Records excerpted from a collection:

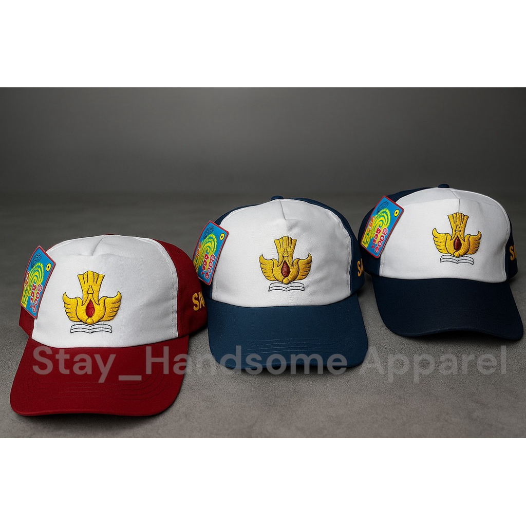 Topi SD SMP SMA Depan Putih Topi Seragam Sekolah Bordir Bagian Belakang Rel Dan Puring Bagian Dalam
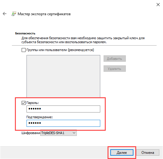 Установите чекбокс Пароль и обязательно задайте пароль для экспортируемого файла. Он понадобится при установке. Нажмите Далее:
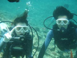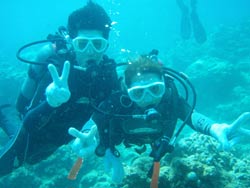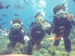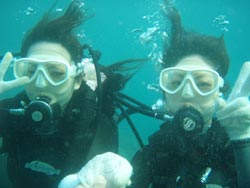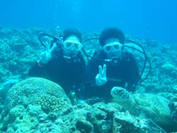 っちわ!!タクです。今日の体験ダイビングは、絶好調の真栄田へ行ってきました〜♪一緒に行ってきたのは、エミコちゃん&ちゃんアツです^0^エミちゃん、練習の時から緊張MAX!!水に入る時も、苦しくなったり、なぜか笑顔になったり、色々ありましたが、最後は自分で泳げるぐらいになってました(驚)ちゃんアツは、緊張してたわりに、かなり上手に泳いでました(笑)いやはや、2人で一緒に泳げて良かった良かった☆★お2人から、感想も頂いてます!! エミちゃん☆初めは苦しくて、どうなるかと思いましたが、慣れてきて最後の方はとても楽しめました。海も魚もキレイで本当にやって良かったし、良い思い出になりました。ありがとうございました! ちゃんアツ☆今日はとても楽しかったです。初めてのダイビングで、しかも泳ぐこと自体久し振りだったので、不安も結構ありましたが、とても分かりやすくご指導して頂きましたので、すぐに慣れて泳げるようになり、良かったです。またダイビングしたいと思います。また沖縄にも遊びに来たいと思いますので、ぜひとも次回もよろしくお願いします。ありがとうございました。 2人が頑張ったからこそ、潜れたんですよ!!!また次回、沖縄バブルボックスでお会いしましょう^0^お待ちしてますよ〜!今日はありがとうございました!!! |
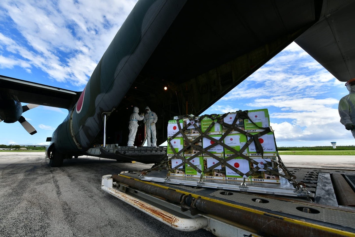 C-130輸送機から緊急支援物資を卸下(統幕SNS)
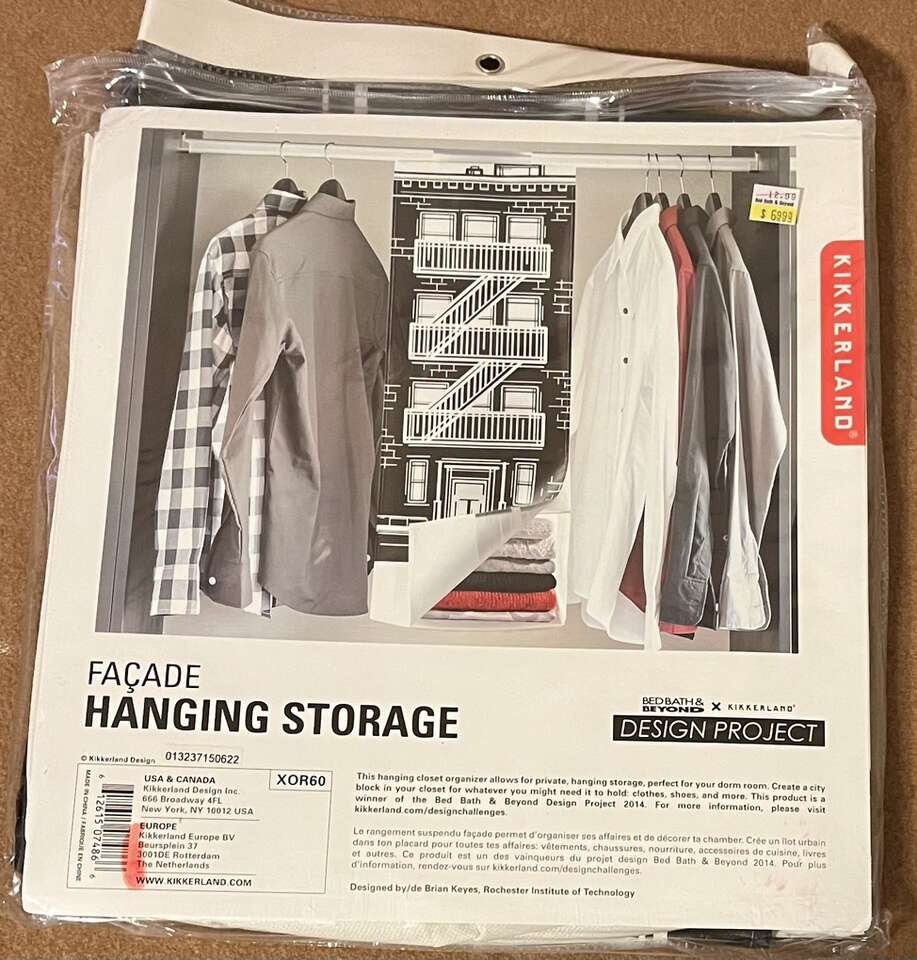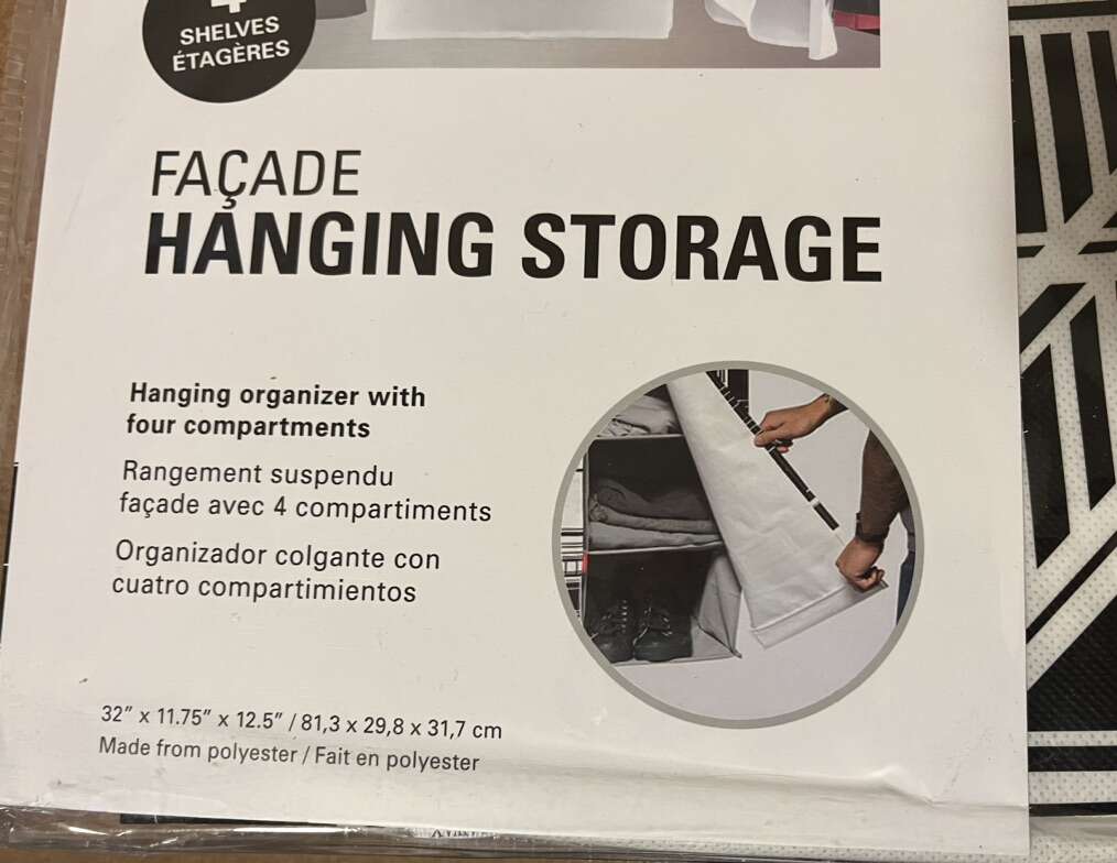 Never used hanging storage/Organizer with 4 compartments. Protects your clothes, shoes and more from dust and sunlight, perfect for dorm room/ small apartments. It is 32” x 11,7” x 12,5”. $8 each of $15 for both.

● PROBLEM DESCRIPTION: Would you please print the entries once more, word for word, minus the pictures?

● ANSWER SPACE:
 Topi SD SMP SMA Depan Putih Topi Seragam Sekolah Bordir Bagian Belakang Rel Dan Puring Bagian Dalam
 Установите чекбокс Пароль и обязательно задайте пароль для экспортируемого файла. Он понадобится при установке. Нажмите Далее:
 っちわ!!タクです。今日の体験ダイビングは、絶好調の真栄田へ行ってきました〜♪一緒に行ってきたのは、エミコちゃん&ちゃんアツです^0^エミちゃん、練習の時から緊張MAX!!水に入る時も、苦しくなったり、なぜか笑顔になったり、色々ありましたが、最後は自分で泳げるぐらいになってました(驚)ちゃんアツは、緊張してたわりに、かなり上手に泳いでました(笑)いやはや、2人で一緒に泳げて良かった良かった☆★お2人から、感想も頂いてます!! エミちゃん☆初めは苦しくて、どうなるかと思いましたが、慣れてきて最後の方はとても楽しめました。海も魚もキレイで本当にやって良かったし、良い思い出になりました。ありがとうございました! ちゃんアツ☆今日はとても楽しかったです。初めてのダイビングで、しかも泳ぐこと自体久し振りだったので、不安も結構ありましたが、とても分かりやすくご指導して頂きましたので、すぐに慣れて泳げるようになり、良かったです。またダイビングしたいと思います。また沖縄にも遊びに来たいと思いますので、ぜひとも次回もよろしくお願いします。ありがとうございました。 2人が頑張ったからこそ、潜れたんですよ!!!また次回、沖縄バブルボックスでお会いしましょう^0^お待ちしてますよ〜!今日はありがとうございました!!! |
 C-130輸送機から緊急支援物資を卸下(統幕SNS)
 Never used hanging storage/Organizer with 4 compartments. Protects your clothes, shoes and more from dust and sunlight, perfect for dorm room/ small apartments. It is 32” x 11,7” x 12,5”. $8 each of $15 for both.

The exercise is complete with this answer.